Streamlining the process
To speed things up, DAAAM aggregates nearby objects as it travels and uses an optimization method to select key frames to annotate. These are images with the clearest view of multiple objects, allowing the system to thoroughly describe several items in parallel, speeding up computation tenfold.
As the robot explores the space, it attaches each batch of annotations to multiple objects in a particular location on the 3D map.
“We annotate every object only once, so our framework can run in very large-scale environments in real time. And by clustering objects into regions, it can answer a wide range of queries about objects and locations in the environment,” Gorlo explains.
Once the system builds this spatial memory, it must retrieve information from an enormous database of objects and descriptions in an efficient manner.

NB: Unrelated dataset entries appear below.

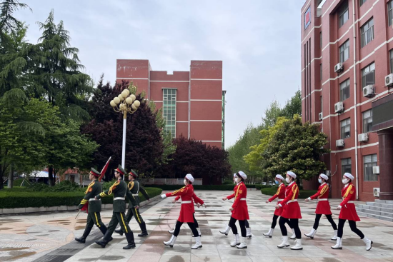 阳光洒满大地,春风拂过面颊,伴随着一声响亮的“出旗”,国旗护卫队迈着铿锵有力的步伐,以昂扬的姿态将国旗送上旗台。在动人心弦的国歌声中,他们振臂一挥,在全校师生的注目下,鲜艳的五星红旗缓缓升起,迎风飘扬。
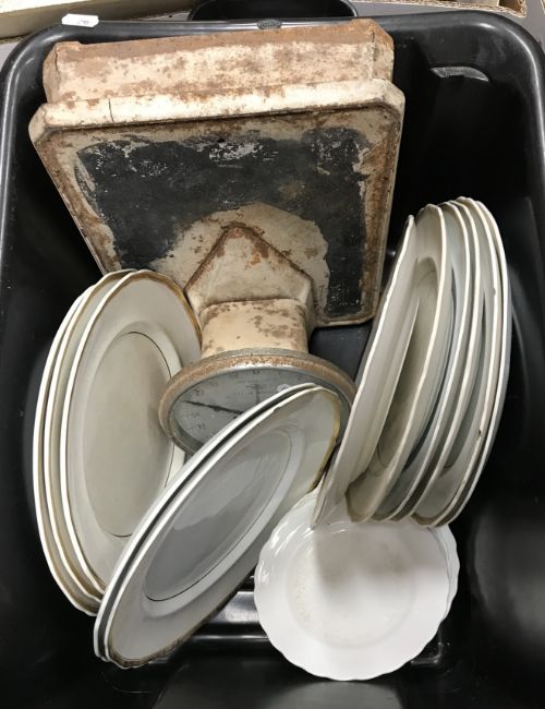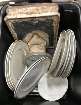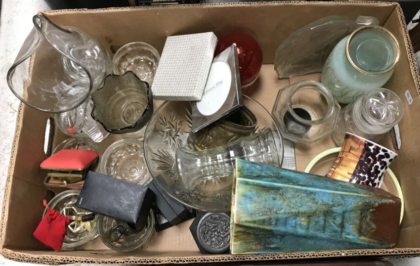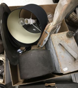 Four boxes of sundry items to includ pewter plates, Esso jerry can, assorted china wares, barometer, binoculars, set of scales, various records, etc. together with a box containing assorted vintage slides and a suitcase containing a slide projector, assorted glassware, etc. (7 boxes / cases)
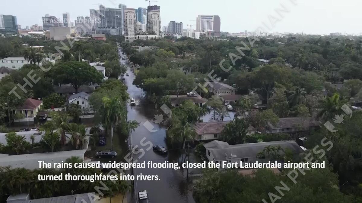 Parts of South Florida began cleaning up Thursday after the unprecedented storm that trapped motorists, dumped upward of 2 feet of rain in a matter of hours, caused widespread flooding, closed a key airport and turned thoroughfares into rivers. There were no immediate reports of injuries or deaths. (April 13) (AP Video: Rebecca Blackwell)
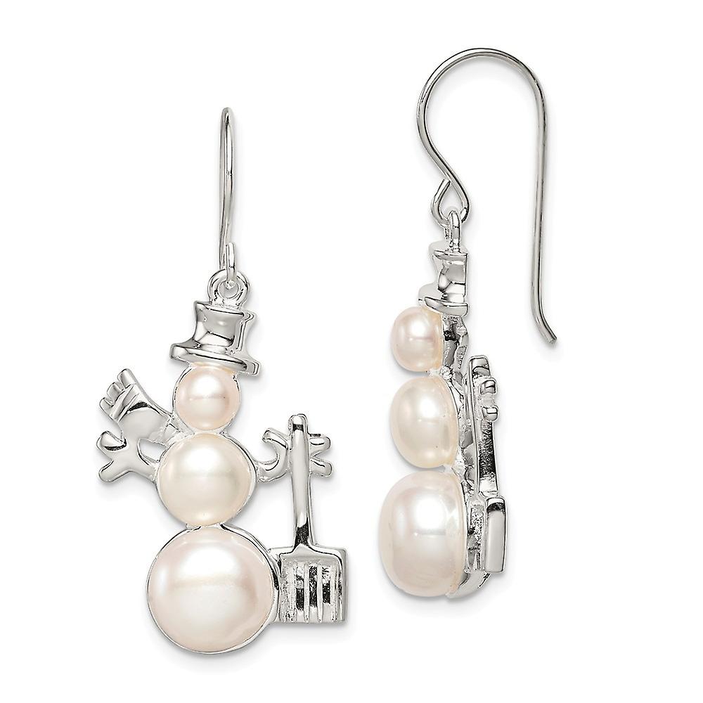 925 Sterling Silver Polished Shepherd hook Freshwater Cultured Pearl Snowman Earrings 40x22mm Wide Dangle Earring for Wo
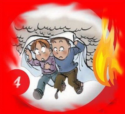 4/10厚物护身�:确定逃生路线后,可用浸湿的棉被或毛毯、棉大衣盖在身上,以最快的速度钻过火场并冲到安全区域。不能用塑料或化纤等类物品来保护身体,否则会适得其反�
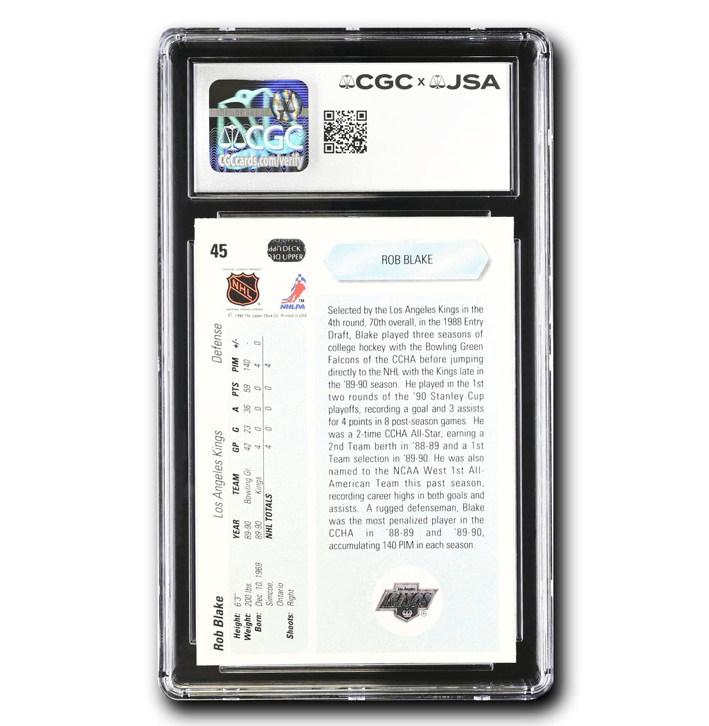 This is your chance to get your very own Rob Blake Autographed 1990-91 Upper Deck #45 Rookie HOF Inscribed (CGC Authentic/Auto 10)! This card is certified by James Spence Authentication (JSA) x CGC.

To enable this, the researchers used an LLM that calls on various tools, which can quickly retrieve specific information in a way that reduces hallucinations. This allows DAAAM to answer a user query accurately in only a few seconds.
For instance, if one asks a robot about a certain sculpture it saw near an MIT campus building, DAAAM can use a semantic search tool to retrieve information based on the word “sculpture” or a different tool to retrieve information based on the location of the building.
When tested and compared with other methods, DAAAM was between 21 percent and 53 percent more accurate, depending on the question type.
In the future, the researchers want to expand DAAAM so the system can capture significant events that happened in the environment. They are also working to incorporate confidence levels into the system’s responses.
“Ultimately, we want to have robots that can help with any sort of tasks. With this framework, we are trying to create the foundations to enable a generalist agent that can do anything you ask,” Gorlo says.
This research was funded, in part, by the U.S. Army Research Laboratory and the Office of Naval Research. Carlone is currently on sabbatical as an Amazon Scholar; this article describes work performed at MIT and is not associated with Amazon.